# Two minutes and twelve seconds of ignominious fail



## Big Don (Jan 23, 2011)

Like Bill, I participated in my first tournament Saturday the 22d.
Also like Bill, I lost. I was in the 36 and older Black Belt division. I was by a decade or so, the junior Black Belt in the division. 
Going into this I figured the best case scenario would be a few guys, who, like me, got into Karate relatively late in life, and the worst case would be, a half dozen guys, who, like my sifu, have been doing this, and competing for years.
So, I got matched up with this very nice TALL skinny guy, and then I lost, gracefully, I hope.
I bought a Flip Camera about a year ago, I got a great deal on it, $25 brand new, and never used it until today.
So, for your viewing pleasure, or something, my first tournament sparring experience.


----------



## Big Don (Jan 23, 2011)

I liked Bill's line, so, I shamelessly stole it.


----------



## 72ronin (Jan 23, 2011)

Awesome. 
Damn point sparring, you won that man, i saw his head fly off at .50 min mark 
Full-contact and you would have destroyed him.

cheers


----------



## Sukerkin (Jan 23, 2011)

Nothing ignominious about trying something for the first time and giving it your best shot, Don.  My compliments.

I do agree on the negative aspects of 'point scoring' physical contests tho', as Ronin noted above.  It's one reason why I've never been drawn into the 'live RP' sword-fighting 'scene'.  To keep it safe, the strength of blows and the allowed targets are so restricted as to make it pointless {Yeah!  Double-meanming pun-attack }.


----------



## Bruno@MT (Jan 23, 2011)

At least you tried. I still remember the first tournament I participated in.
I had no idea what to expect, and was slightly naive in how I would do.
2 times a couple of minutes of epic fail was the result. Since this was in 1997 or so, there is luckily no video footage of me getting pasted.


----------



## seasoned (Jan 23, 2011)

You move fast for a big guy.

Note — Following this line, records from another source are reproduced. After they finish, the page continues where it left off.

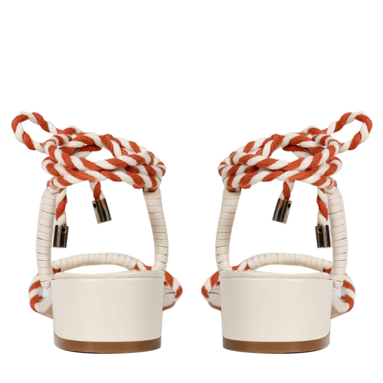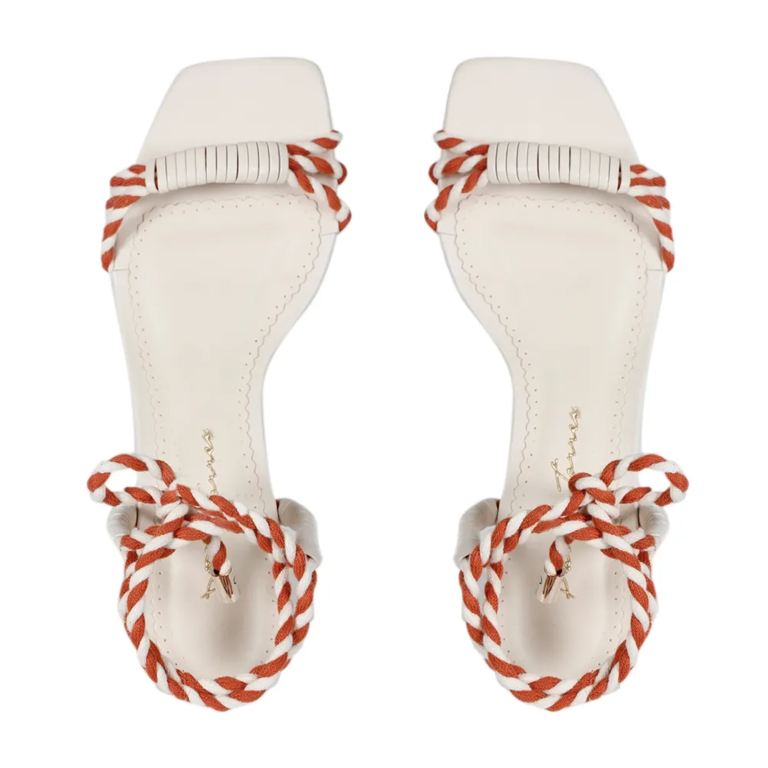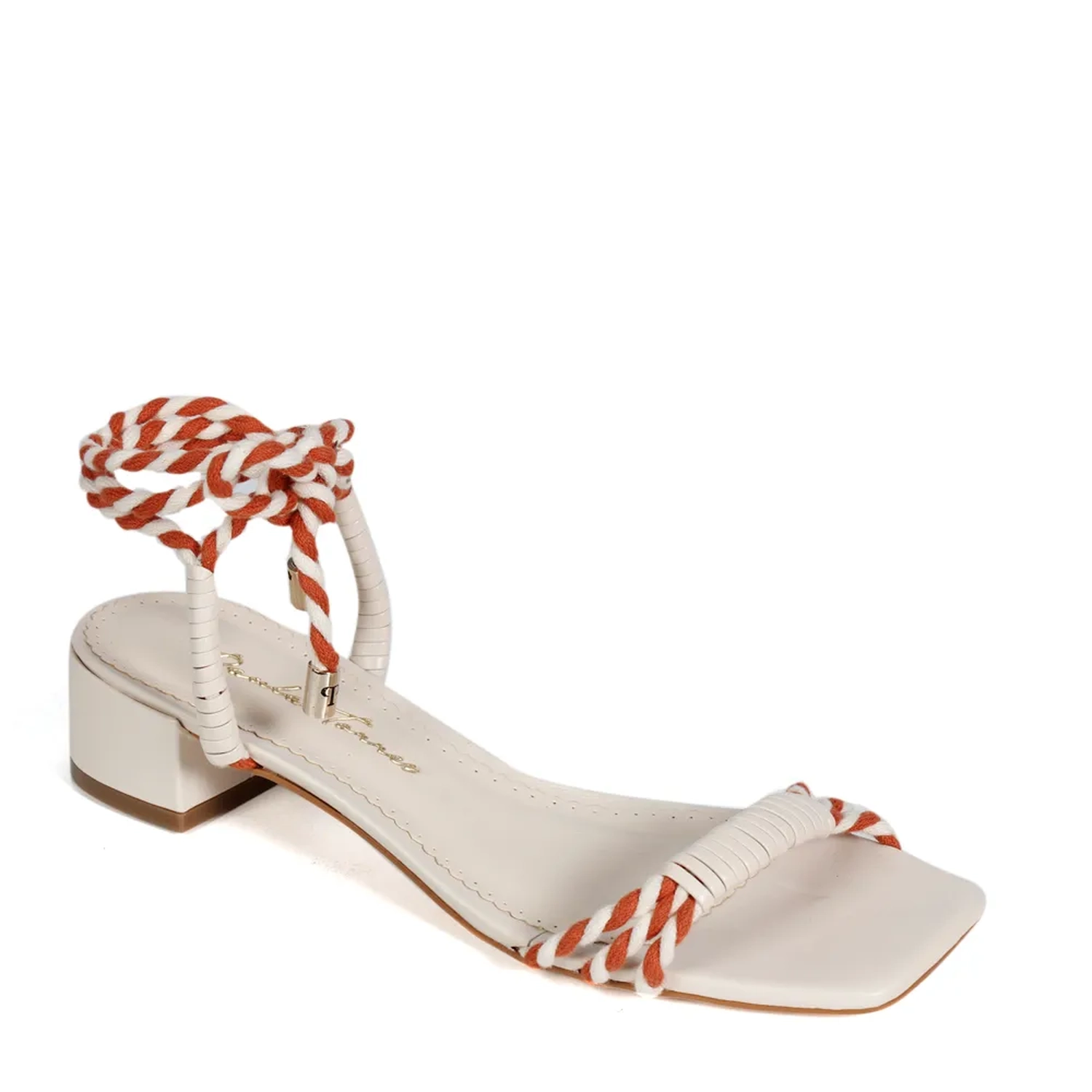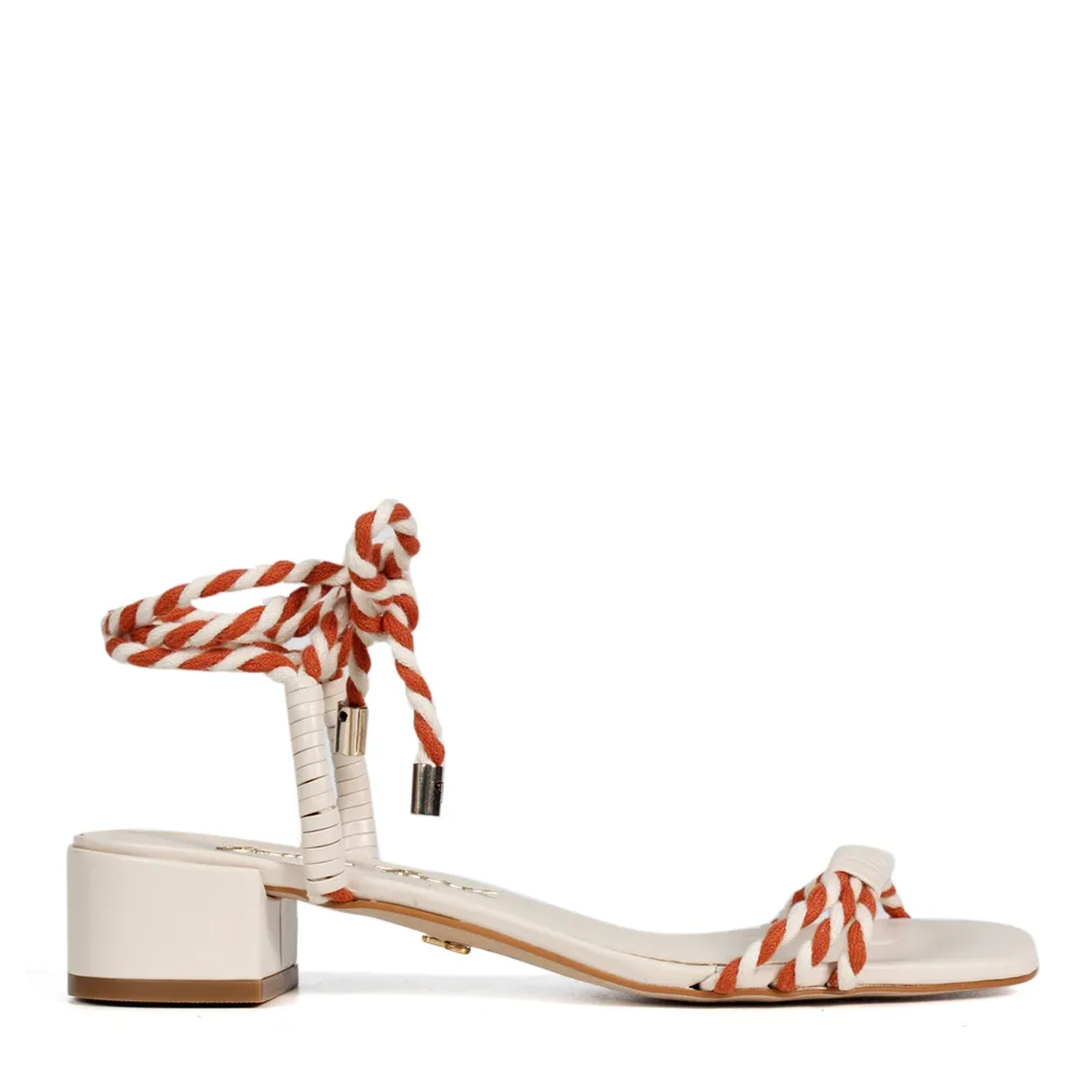 A Sandália Nina é confeccionada em couro. Modelagem em bico quadrado e salto bloco quadrado. Cabedal e tornozeleira formada por tiras de couro trançado bicolor, remetendo ao estilo náutico. O fechamento acorre por amarração. As extremidades das cordas são finalizadas com um charme metalizado. Qualidade Paula Torres, a Sandália Nina é completamente Verão 22!
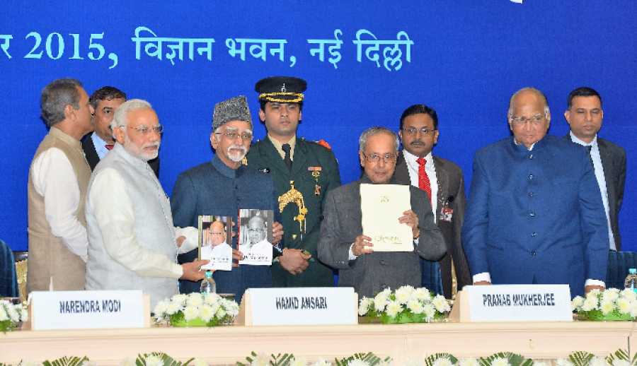 नई दिल्ली। प्रधानमंत्री नरेंद्र मोदी नई दिल्ली के विज्ञान भवन में पूर्व केंद्रीय मंत्री और महाराष्ट्र के मुख्यमंत्री रहे और एनसीपी अध्यक्ष शरद पवार के 75वें जन्मदिवस समारोह में शामिल हुए। प्रधानमंत्री ने शरद पवार के राजनीतिक जीवन को रचनात्मक बताया। उन्होंने कृषि के प्रति शरद पवार के आधुनिक और वैज्ञानिक दृष्टिकोण और भारत में कृषि क्षेत्र में उनके योगदान की सराहना की। प्रधानमंत्री ने शरद पवार की ऑन माई टर्म्स पुस्तक का विमोचन भी किया। इस अवसर पर राष्ट्रपति प्रणब मुखर्जी और उपराष्ट्रपति मोहम्मद हामिद अंसारी भी उपस्थित थे।
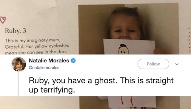 UK magazine Oh Comely asked kids to illustrate and write about the “companions” in their lives, namely their imaginary friends. So one little girl named Ruby decided to haunt our dreams with hers, who goes by the name “Grateful” and who visits her at night. Actress Natalie Morales tweeted the picture from the magazine and it understandably has people shook.
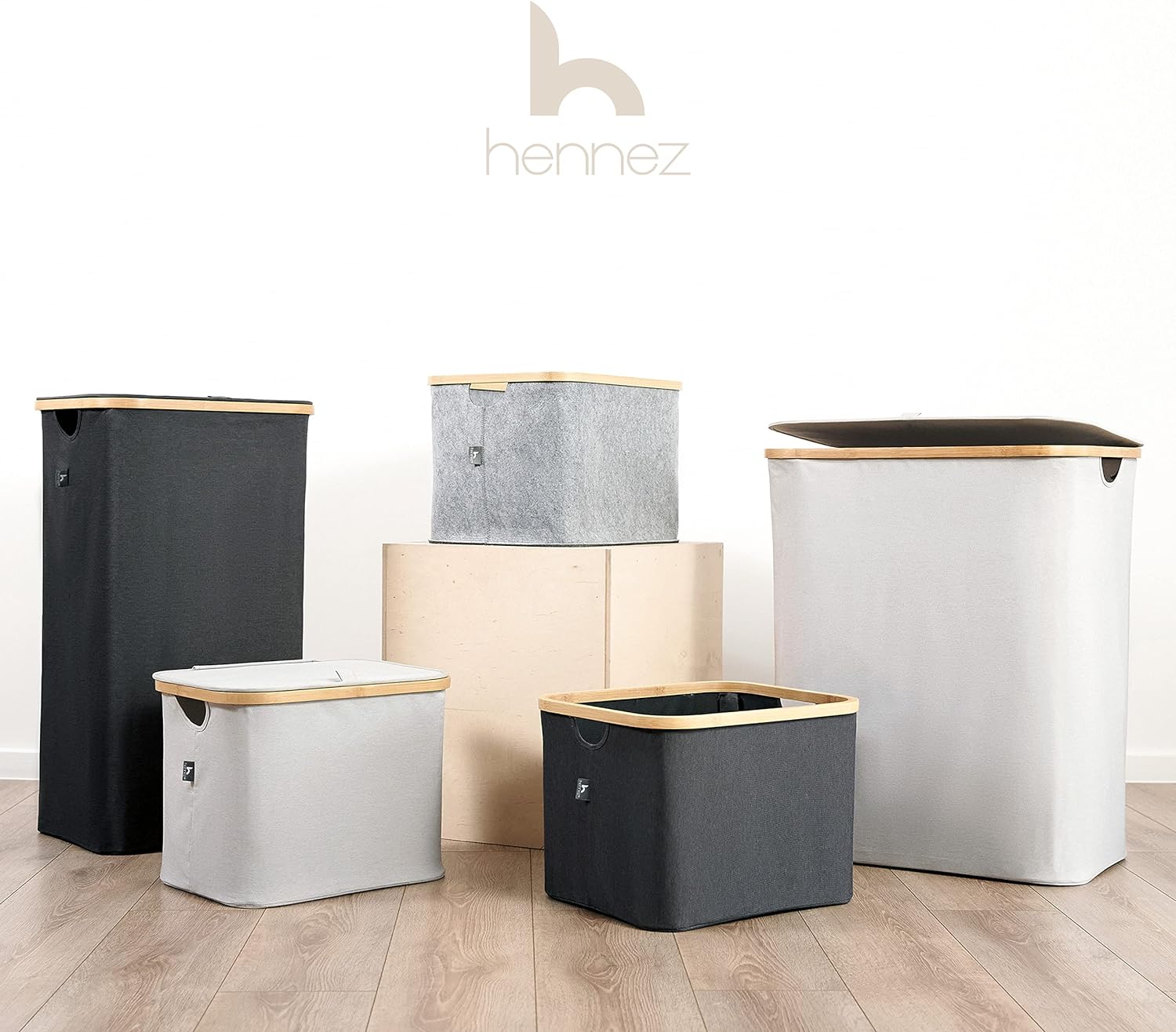 HENNEZ 100L Wäschekorb mit Deckel Grau - herausnehmbaren Wäschesack Wäschesammler schmal mit Deckel

Definitely had him moving back and off balance.
	

	
	
		
		

		
			





 Nice job!!


----------



## bluewaveschool (Jan 23, 2011)

That ref looked like he was a funny dude.  Also, I've never done it, so I can't pass judgement.


----------



## Bill Mattocks (Jan 23, 2011)

Big Don said:


> Like Bill, I participated in my first tournament Saturday the 22d.
> Also like Bill, I lost. I was in the 36 and older Black Belt division. I was by a decade or so, the junior Black Belt in the division.
> Going into this I figured the best case scenario would be a few guys, who, like me, got into Karate relatively late in life, and the worst case would be, a half dozen guys, who, like my sifu, have been doing this, and competing for years.
> So, I got matched up with this very nice TALL skinny guy, and then I lost, gracefully, I hope.
> ...



You have my respect, sir.  A fine effort, and as others stated, you rockem-sockem'd his noggin; points made the total, but you were far from failing.  In a fight, you'd have jetted off his head.


----------



## Yoshin9 (Jan 23, 2011)

Fighting is a tournament is a bit different than sparing in class, but you don't learn if you don't play, so well done sir! I am not a fan of point sparing because it's hard to get a good game on with the ref constantly interrupting your flow.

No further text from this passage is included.